[Items from a data source]

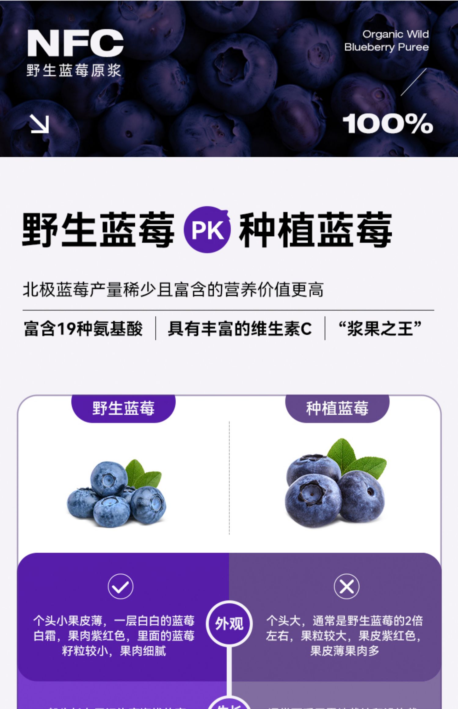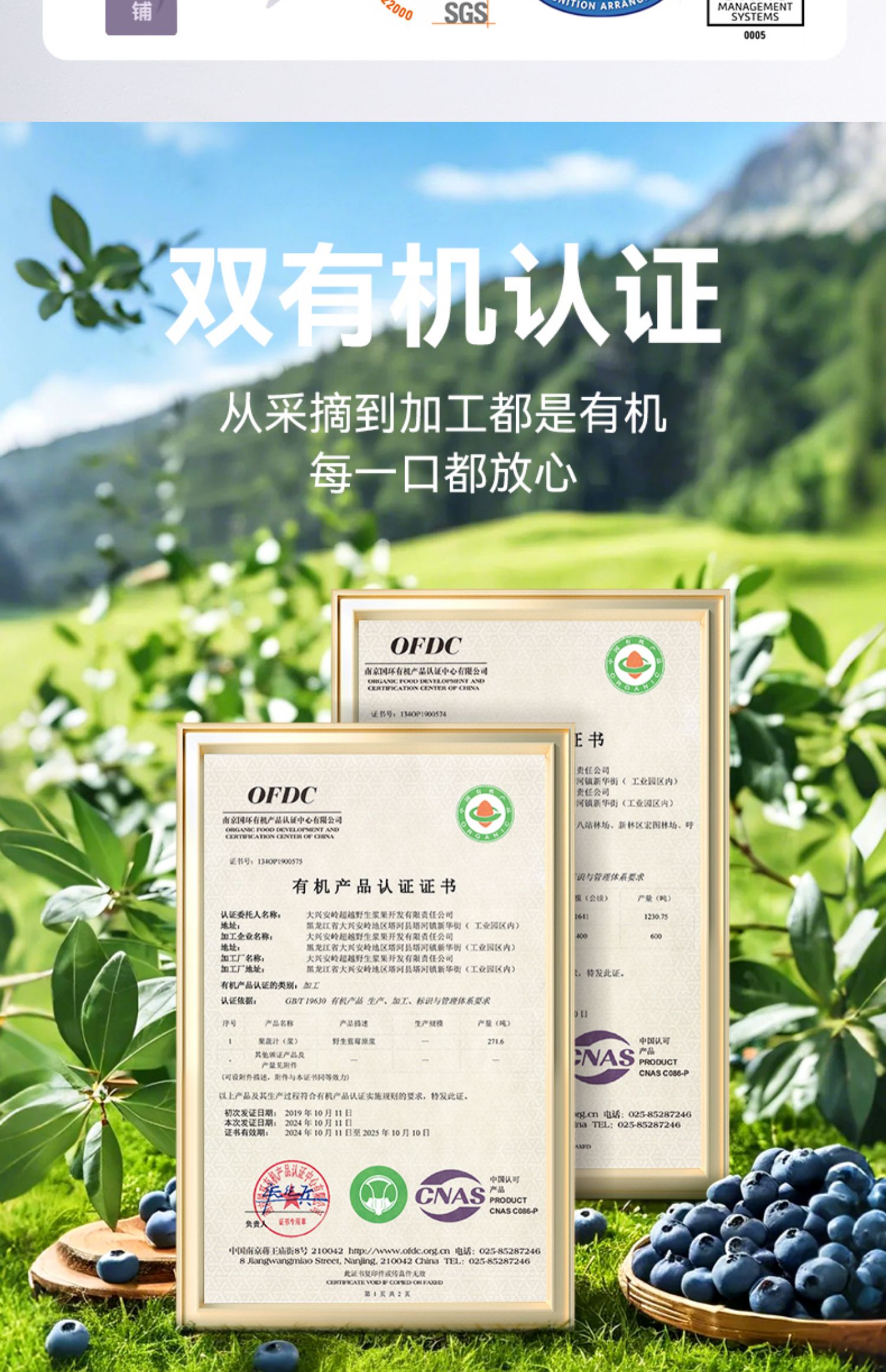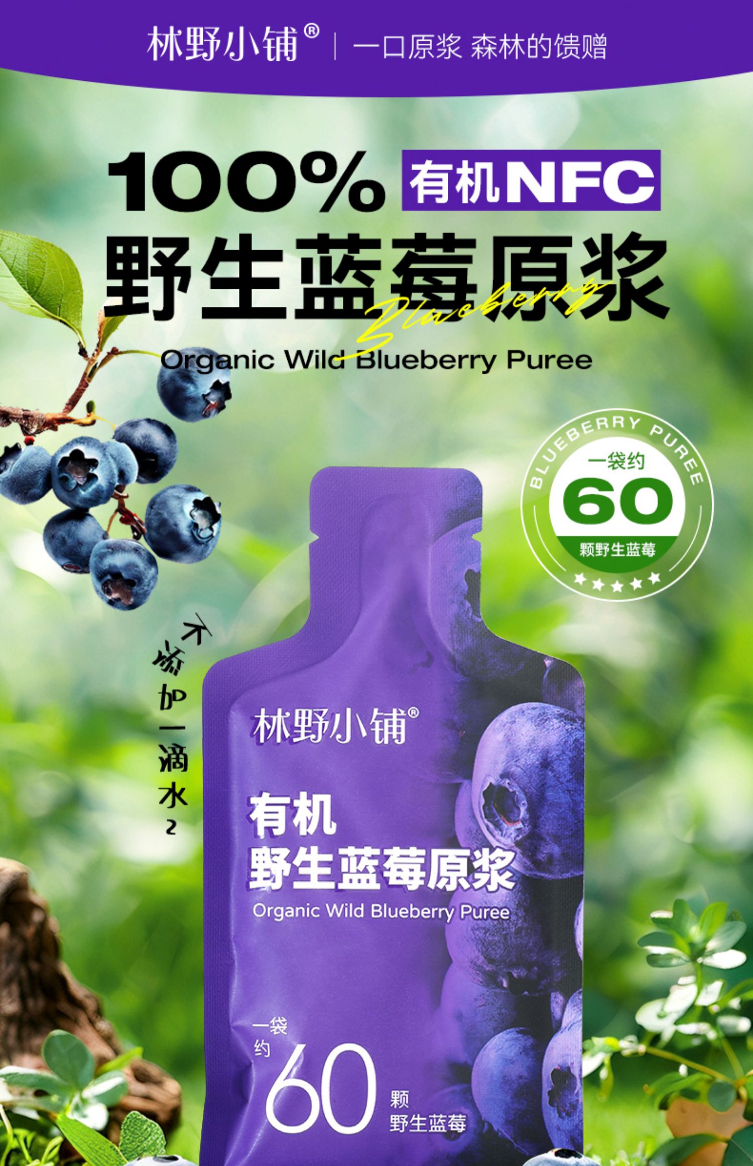 【小蓝袋】有机野生蓝莓原浆 大兴安岭蓝莓全果鲜榨30ml*7袋便携装
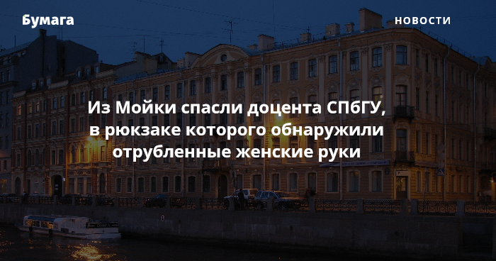 Из Мойки спасли историка из СПбГУ. В его рюкзаке были женские руки
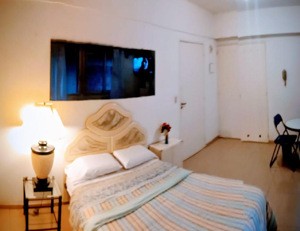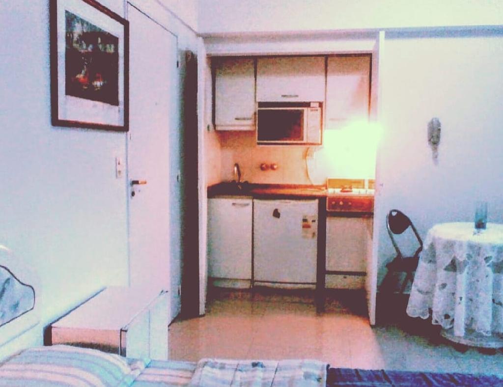 This simple studio is located in the heart of Recoleta neighborhood, just steps away from the Recoleta Mall, good restaurants, museums, coffee-shops, cultural centers, pubs and movie theaters. It has a double bed and dining table, one bathroom and equipped kitchenette. The flat is very bright with a nice view, located in an excellent building tower with 24 hours doorman. It is equipped with Internet WiFi Cable TV, endebbed air conditioning (cool/heat), microwave, under counter fridge, dishes, kitchenw are, and linens and towels.Note : For stays of 30 days or more, a monthly additional of US$ 20 will be paid for electricity consumption.
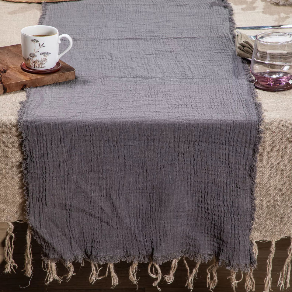 Modern Farmhouse Double Gauze Table Runner for Earthy Settings with Greenery and Wooden Accents For Home Decor Home Textile
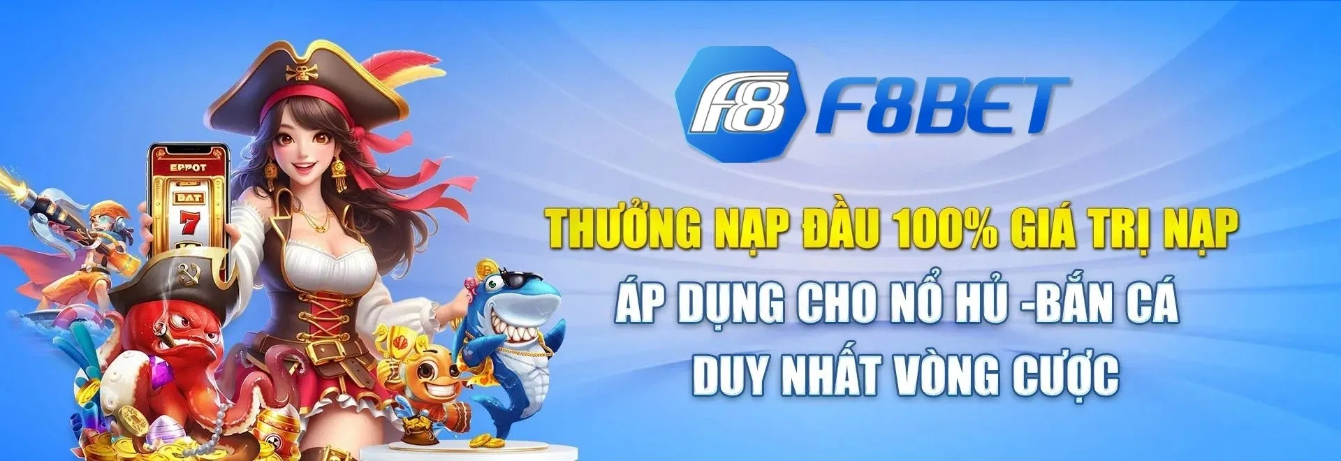 Khi đăng ký tài khoản mới tại F8BET và thực hiện nạp tiền đủ điều kiện theo chương trình, người chơi có thể nhận thưởng lên đến 100% giá trị nạp đầu (tùy theo từng gói khuyến mãi, trò chơi hoặc thời điểm triển khai).
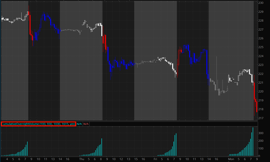 The Cumulative Overnight Volume is a technical indicator that detects unusually high volume during the overnight trading session. Based on the observation that nightly volume is very often proportionate to both daily volume and daily volatility, the study can be used when assessing possible daily price range. Mathematically, the study compares the volume traded last night (from midnight to 8:30 am Central Standard Time (CST)) to the average nightly volume over the last five trading days. Note that since thinkScript uses timestamps based in Eastern Standard Time (EST), the default numbers in the input parameters are adjusted accordingly. Note also that the study will only work on intraday charts with a maximum aggregation period of 1 hour.

• ASSIGNED TASK: Transcribe all the data word for word; the images stay out.

• ANSWER TO THE EXERCISE:
 【小蓝袋】有机野生蓝莓原浆 大兴安岭蓝莓全果鲜榨30ml*7袋便携装
 Из Мойки спасли историка из СПбГУ. В его рюкзаке были женские руки
 This simple studio is located in the heart of Recoleta neighborhood, just steps away from the Recoleta Mall, good restaurants, museums, coffee-shops, cultural centers, pubs and movie theaters. It has a double bed and dining table, one bathroom and equipped kitchenette. The flat is very bright with a nice view, located in an excellent building tower with 24 hours doorman. It is equipped with Internet WiFi Cable TV, endebbed air conditioning (cool/heat), microwave, under counter fridge, dishes, kitchenw are, and linens and towels.Note : For stays of 30 days or more, a monthly additional of US$ 20 will be paid for electricity consumption.
 Modern Farmhouse Double Gauze Table Runner for Earthy Settings with Greenery and Wooden Accents For Home Decor Home Textile
 Khi đăng ký tài khoản mới tại F8BET và thực hiện nạp tiền đủ điều kiện theo chương trình, người chơi có thể nhận thưởng lên đến 100% giá trị nạp đầu (tùy theo từng gói khuyến mãi, trò chơi hoặc thời điểm triển khai).
 The Cumulative Overnight Volume is a technical indicator that detects unusually high volume during the overnight trading session. Based on the observation that nightly volume is very often proportionate to both daily volume and daily volatility, the study can be used when assessing possible daily price range. Mathematically, the study compares the volume traded last night (from midnight to 8:30 am Central Standard Time (CST)) to the average nightly volume over the last five trading days. Note that since thinkScript uses timestamps based in Eastern Standard Time (EST), the default numbers in the input parameters are adjusted accordingly. Note also that the study will only work on intraday charts with a maximum aggregation period of 1 hour.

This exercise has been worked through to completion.